→ Task prompt: A word-for-word copy of the following listing is needed. Leave out its images.

→ Material supplied:
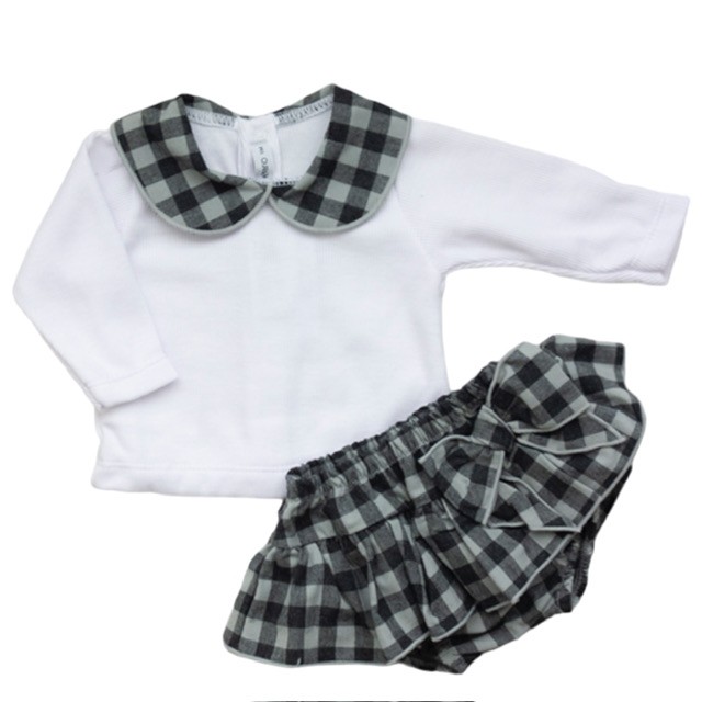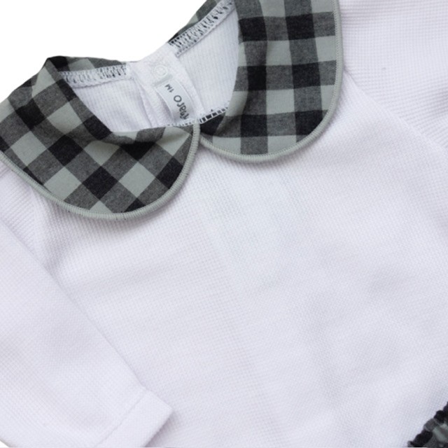 Jersey de algodón con tejido canutillo y afelpado en el interior. Detalle cuello bebé con estampado de cuadro vichy en color gris oscuro.
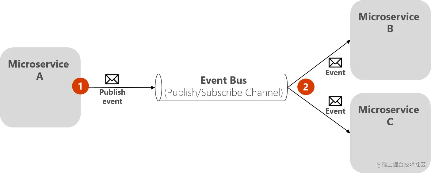 微服务 A 发布到事件总线,这会分发到订阅微服务 B 和 C,发布服务器无需知道订阅服务器。:
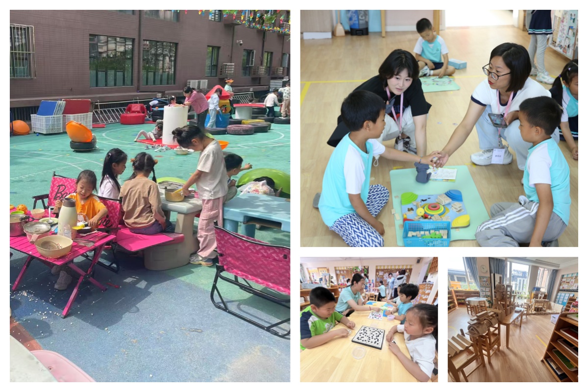 随后跟岗教师进到班级进行室内外自主游戏和环境创设的观摩,从低结构材料投放到幼儿个性化游戏表征,从游戏前的小组计划到游戏后的思维共创,教师们亲临现场的感受了幼儿在开放的环境中主动协商、合作解决问题、拓展游戏内容。
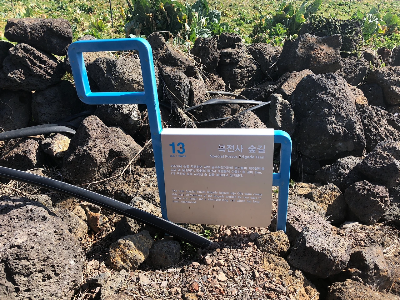 13코스에는 특전사 숲길, 고사리 숲길이 있고 의자공원이 있는 아홉굿마을, 저지오름이 있는 코스다. 13코스의 출발점인 용수포구는 멋진 석양을 볼 수 있는 곳이기도 한다.
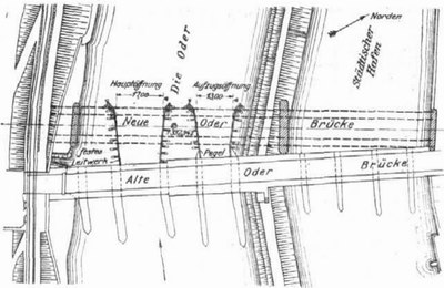 1917, 3.06. -Uroczyste otwarcie mostu drogowego przez Odrę (Hindenburgbrücke ), o konstrukcji stalowej. Most miał 138 m długości i ważył prawie 810
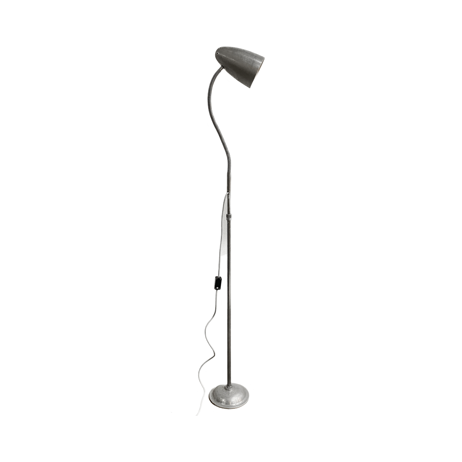 Featuring a spun aluminium bullet shade on a goose neck and a telescopic stainless steel stand. In good vintage condition with signs of use commensurate with age.
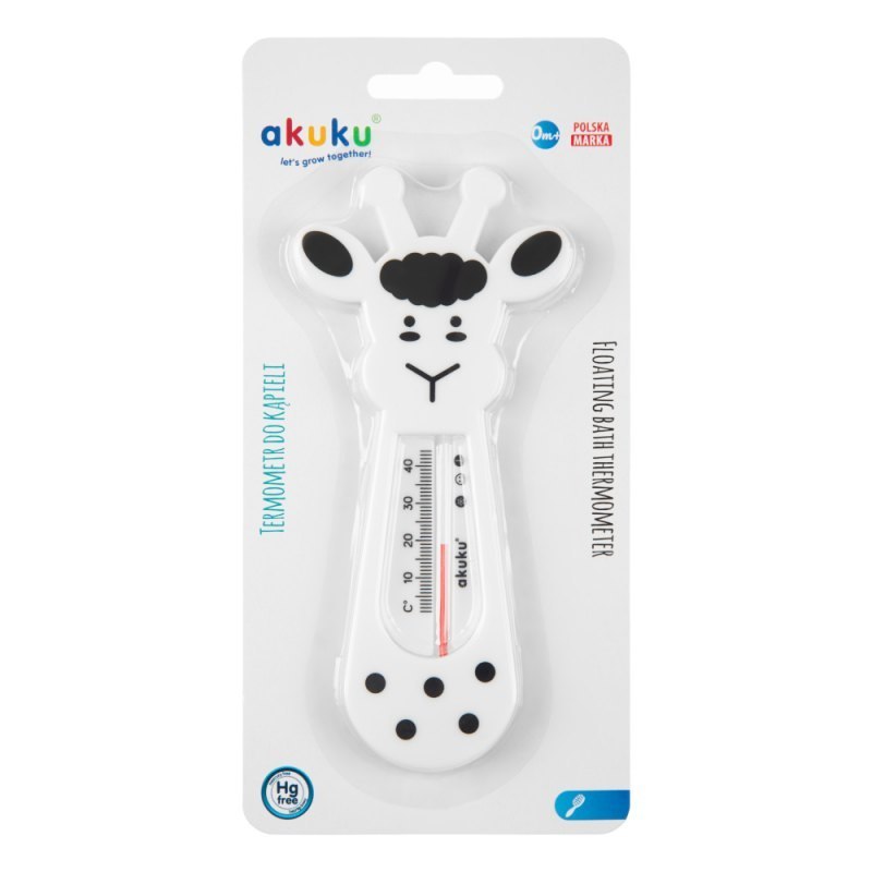 Termometr do mierzenia temperatury wody „akuku” dzięki czytelnej skali pozwoli dokładnie zmierzyć temperaturę wody, a ciekawy kształt będzie atrakcją podczas kąpieli dziecka. Kolor czarno – biały stymuluje rozwój wzroku we wczesnym okresie od narodzin. Wykonany z bezpiecznych i trwałych materiałów. Bezrtęciowy. Funkcjonalny i wygodny w użyciu. Kolory czarno – biały stymuluje rozwój wzroku we wczesnym okresie od narodzin.

→ Task result:
 Jersey de algodón con tejido canutillo y afelpado en el interior. Detalle cuello bebé con estampado de cuadro vichy en color gris oscuro.
 微服务 A 发布到事件总线,这会分发到订阅微服务 B 和 C,发布服务器无需知道订阅服务器。:
 随后跟岗教师进到班级进行室内外自主游戏和环境创设的观摩,从低结构材料投放到幼儿个性化游戏表征,从游戏前的小组计划到游戏后的思维共创,教师们亲临现场的感受了幼儿在开放的环境中主动协商、合作解决问题、拓展游戏内容。
 13코스에는 특전사 숲길, 고사리 숲길이 있고 의자공원이 있는 아홉굿마을, 저지오름이 있는 코스다. 13코스의 출발점인 용수포구는 멋진 석양을 볼 수 있는 곳이기도 한다.
 1917, 3.06. -Uroczyste otwarcie mostu drogowego przez Odrę (Hindenburgbrücke ), o konstrukcji stalowej. Most miał 138 m długości i ważył prawie 810
 Featuring a spun aluminium bullet shade on a goose neck and a telescopic stainless steel stand. In good vintage condition with signs of use commensurate with age.
 Termometr do mierzenia temperatury wody „akuku” dzięki czytelnej skali pozwoli dokładnie zmierzyć temperaturę wody, a ciekawy kształt będzie atrakcją podczas kąpieli dziecka. Kolor czarno – biały stymuluje rozwój wzroku we wczesnym okresie od narodzin. Wykonany z bezpiecznych i trwałych materiałów. Bezrtęciowy. Funkcjonalny i wygodny w użyciu. Kolory czarno – biały stymuluje rozwój wzroku we wczesnym okresie od narodzin.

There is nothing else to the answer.